The task>
Return the data below exactly as given, except for the images.

---------- Supplied information

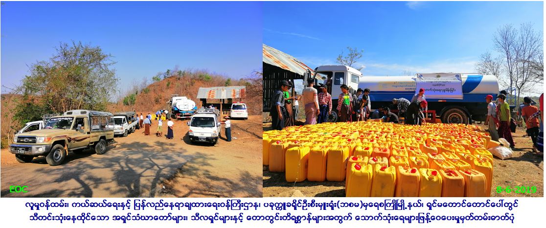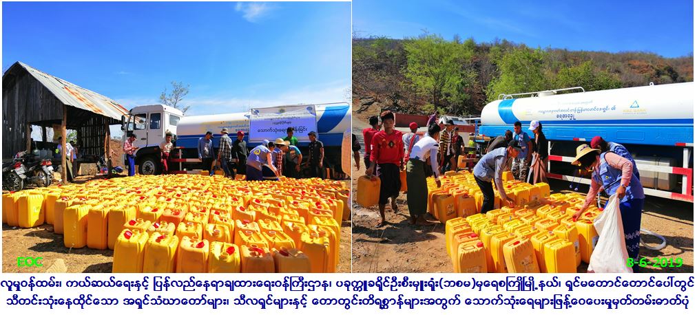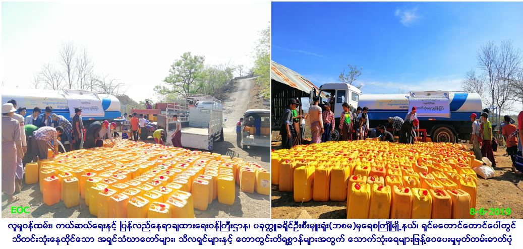 သောက်သုံးရေဖြန့်ဝေနိုင်ရန်အတွက် မြသဇင် စက်သုံးဆီဆိုင်(ရေစကြို)ရေတိုင်မှ ရေကားသို့ သောက်သုံးရေ အခမဲ့ဖြည့်ပေးခြင်းဖြင့် ဝိုင်းဝန်းကူညီပံ့ပိုးခဲ့ပါသည်။
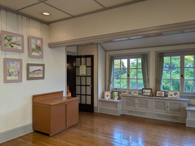 館内には展示室もあります。ここは貸しギャラリーとなっており、訪問した際は水彩画や油絵が展示されておりました。
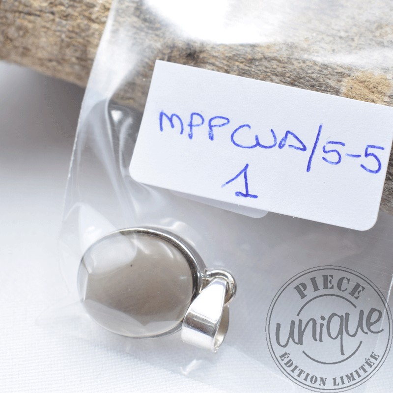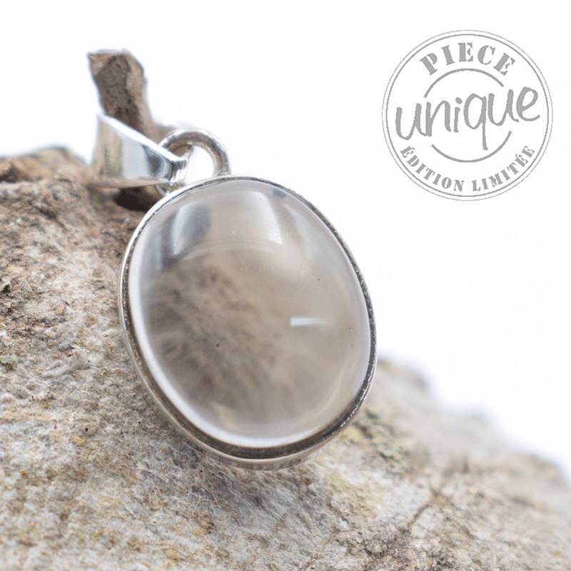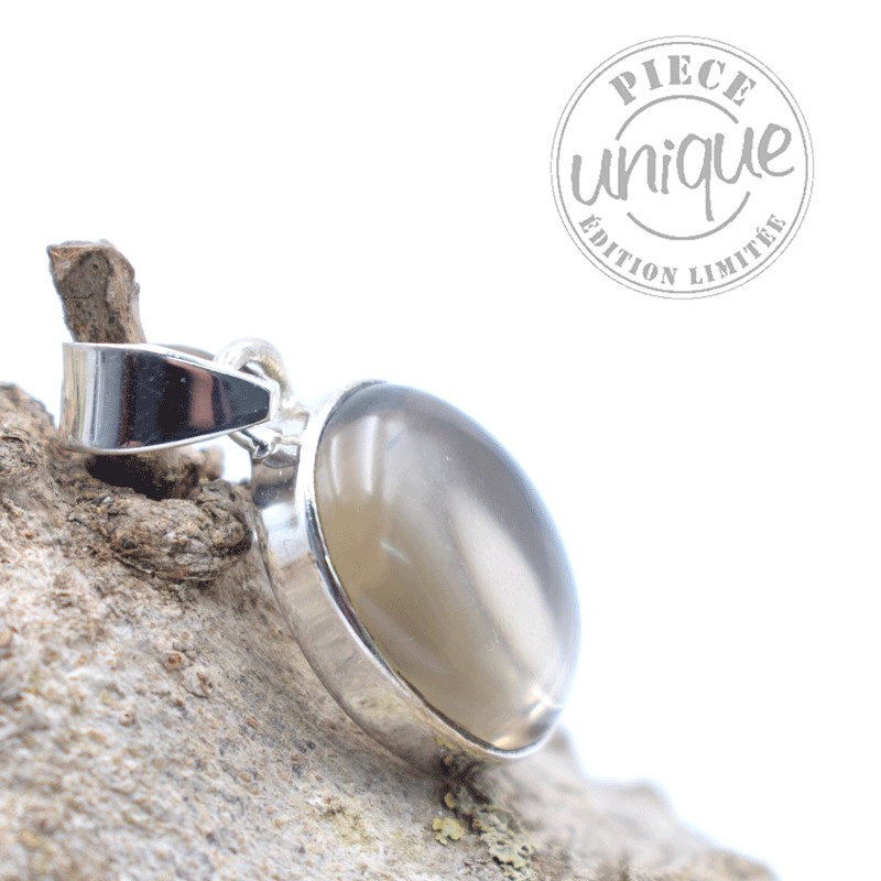 Petit et beau pendentif en Quartz fumé serti argent.

--------------------

Answer space>
 သောက်သုံးရေဖြန့်ဝေနိုင်ရန်အတွက် မြသဇင် စက်သုံးဆီဆိုင်(ရေစကြို)ရေတိုင်မှ ရေကားသို့ သောက်သုံးရေ အခမဲ့ဖြည့်ပေးခြင်းဖြင့် ဝိုင်းဝန်းကူညီပံ့ပိုးခဲ့ပါသည်။
 館内には展示室もあります。ここは貸しギャラリーとなっており、訪問した際は水彩画や油絵が展示されておりました。
 Petit et beau pendentif en Quartz fumé serti argent.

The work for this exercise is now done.